(Data listing):
__________________________________________________
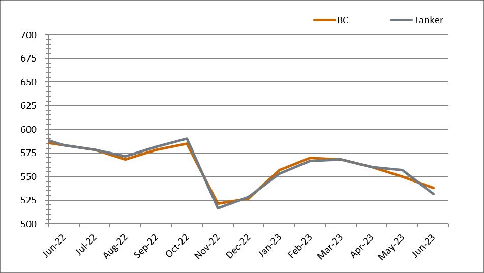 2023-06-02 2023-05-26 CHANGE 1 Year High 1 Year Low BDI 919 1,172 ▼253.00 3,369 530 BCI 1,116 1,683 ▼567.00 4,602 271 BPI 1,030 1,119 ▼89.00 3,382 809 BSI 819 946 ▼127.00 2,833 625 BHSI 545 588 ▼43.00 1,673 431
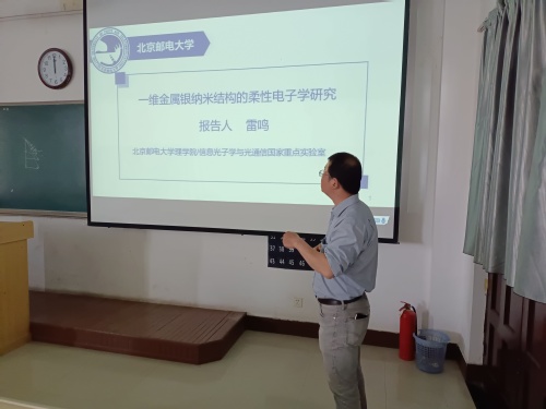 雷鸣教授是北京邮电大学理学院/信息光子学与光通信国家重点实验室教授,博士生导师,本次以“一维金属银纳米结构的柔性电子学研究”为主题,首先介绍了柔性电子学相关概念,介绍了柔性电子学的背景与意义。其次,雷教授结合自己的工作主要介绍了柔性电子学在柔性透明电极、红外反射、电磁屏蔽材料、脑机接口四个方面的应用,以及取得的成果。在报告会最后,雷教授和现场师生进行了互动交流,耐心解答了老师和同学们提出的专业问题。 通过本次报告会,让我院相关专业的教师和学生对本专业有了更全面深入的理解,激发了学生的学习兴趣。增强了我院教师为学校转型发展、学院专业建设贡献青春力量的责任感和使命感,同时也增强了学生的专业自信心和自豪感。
__________________________________________________
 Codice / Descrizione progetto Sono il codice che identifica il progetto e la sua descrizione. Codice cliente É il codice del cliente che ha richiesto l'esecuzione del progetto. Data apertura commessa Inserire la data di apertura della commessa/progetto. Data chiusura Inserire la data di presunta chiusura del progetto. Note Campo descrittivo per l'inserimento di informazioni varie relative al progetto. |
__________________________________________________
(What the task asks): Copy exactly the material above from the line with "2023-06-02 2023-05-26 CHANGE" to the line with "雷鸣教授是北京邮电大学理学院", ends included, and nothing else. Leave out any picture.

(Solved problem):
 2023-06-02 2023-05-26 CHANGE 1 Year High 1 Year Low BDI 919 1,172 ▼253.00 3,369 530 BCI 1,116 1,683 ▼567.00 4,602 271 BPI 1,030 1,119 ▼89.00 3,382 809 BSI 819 946 ▼127.00 2,833 625 BHSI 545 588 ▼43.00 1,673 431
 雷鸣教授是北京邮电大学理学院/信息光子学与光通信国家重点实验室教授,博士生导师,本次以“一维金属银纳米结构的柔性电子学研究”为主题,首先介绍了柔性电子学相关概念,介绍了柔性电子学的背景与意义。其次,雷教授结合自己的工作主要介绍了柔性电子学在柔性透明电极、红外反射、电磁屏蔽材料、脑机接口四个方面的应用,以及取得的成果。在报告会最后,雷教授和现场师生进行了互动交流,耐心解答了老师和同学们提出的专业问题。 通过本次报告会,让我院相关专业的教师和学生对本专业有了更全面深入的理解,激发了学生的学习兴趣。增强了我院教师为学校转型发展、学院专业建设贡献青春力量的责任感和使命感,同时也增强了学生的专业自信心和自豪感。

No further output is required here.